Investment Grade Corporate Bond Sales Collapse in Eurozone; “Lack of Trust” Pummels Bank Lending

Investment Grade Corporate Bond Sales Collapse in Eurozone; "Lack of Trust" Pummels Bank Lending

 Courtesy of Mish 

Trichet and the ECB may have calmed the waters on CDS sovereign debt spreads, but the same cannot be said for the corporate bond market or bank-to-bank lending.

Please consider ‘Lack of Trust’ Pummels Bank Lending in Europe.

Money markets are showing rising levels of mistrust between Europe’s banks on concern an almost $1 trillion bailout package won’t prevent a sovereign debt default that might trigger a breakup of the euro.

Royal Bank of Scotland Group Plc and Barclays Plc led financial firms punished by rising borrowing costs, British Bankers’ Association data show. The cost to hedge against losses on European bank bonds is 62 percent higher than a month ago. Investment-grade corporate debt sales in the region plummeted 88 percent last week to $1.2 billion from the previous period, according to data compiled by Bloomberg.

The rate banks say they charge each other for three-month loans in dollars rose to a nine-month high, even after a government-led rescue designed to prevent Greece from defaulting, and a new financial crisis. The euro fell to its weakest against the dollar since 2006.

Bank lending “conveys a lack of trust in the system,” said Robert Baur, chief global economist at Des Moines, Iowa- based Principal Global Investors, which manages $222 billion. “Banks are a little reluctant to lend overnight as they don’t know the full extent of what is on the bank balance sheets.”

The extra yield investors demand to own emerging-market bonds instead of Treasuries rose 15 basis points on May 14 to 295 basis points, according to JPMorgan Chase & Co.’s Emerging Market Bond index.
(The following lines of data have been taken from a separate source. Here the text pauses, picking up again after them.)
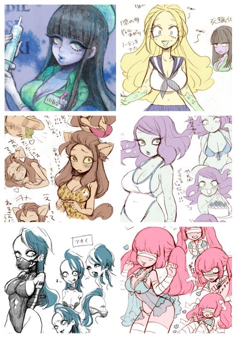 地獄の風俗嬢、これで当初考えてた6人のデザインができた。この子らでルポ風漫画描きたいと思ってたんだけど乳首の色に悩む肌色ばっかりで、さて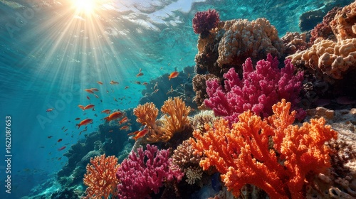 Obraz premium Vibrant coral reef, sunlight beams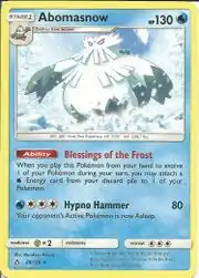 Abomasnow (Japanese: ユキノオー Yukinooh) is a Water-type Stage 1 Pokémon card. It was first released as part of the Ultra Prism expansion.

Spreads rose as high as 328 a week earlier.

Deutsche Bank AG Chief Executive Officer Josef Ackermann said Greece may not be able to repay its debt in full, and former Federal Reserve Chairman Paul Volcker said he’s concerned the euro area may break up. Sony Corp., the world’s second- largest maker of consumer electronics, said it may suffer a “significant impact” if Europe’s deficit spreads, while Chinese Premier Wen Jiabao said the foundations for a worldwide recovery aren’t “solid” as the sovereign-debt crisis deepens.

Commercial Paper

Concerns have spilled into the market for commercial paper, debt used by companies and banks for their short-term operating needs. Rates on 90-day paper are more than double the upper band of the federal funds rate, about twice the average in the five years before credit markets seized up in mid-2007.

Rates on commercial paper for 90 days are 25 basis points above the upper band of the Fed’s zero to 25-basis point target rate for overnight loans among banks. While far below the 245 basis point gap reached in October 2008, the spread is more than double the 10-basis-point average in the five years before credit markets seized up in the middle of 2007. As recently as February, financial CP rates were below the federal funds rate.

‘Scarce Liquidity’

Except for banks with little exposure to European sovereign risk, lenders “have found liquidity to be scarce, securing funding only one month and shorter and mostly concentrated inside one week,” Abate from Barclays wrote in the report.

For data junkies, there are lots more details in the report. Certainly, the problems are not as severe as in 2008 but spreads are widening and corporate bond sales have collapsed. Those are not endemic of a recovery.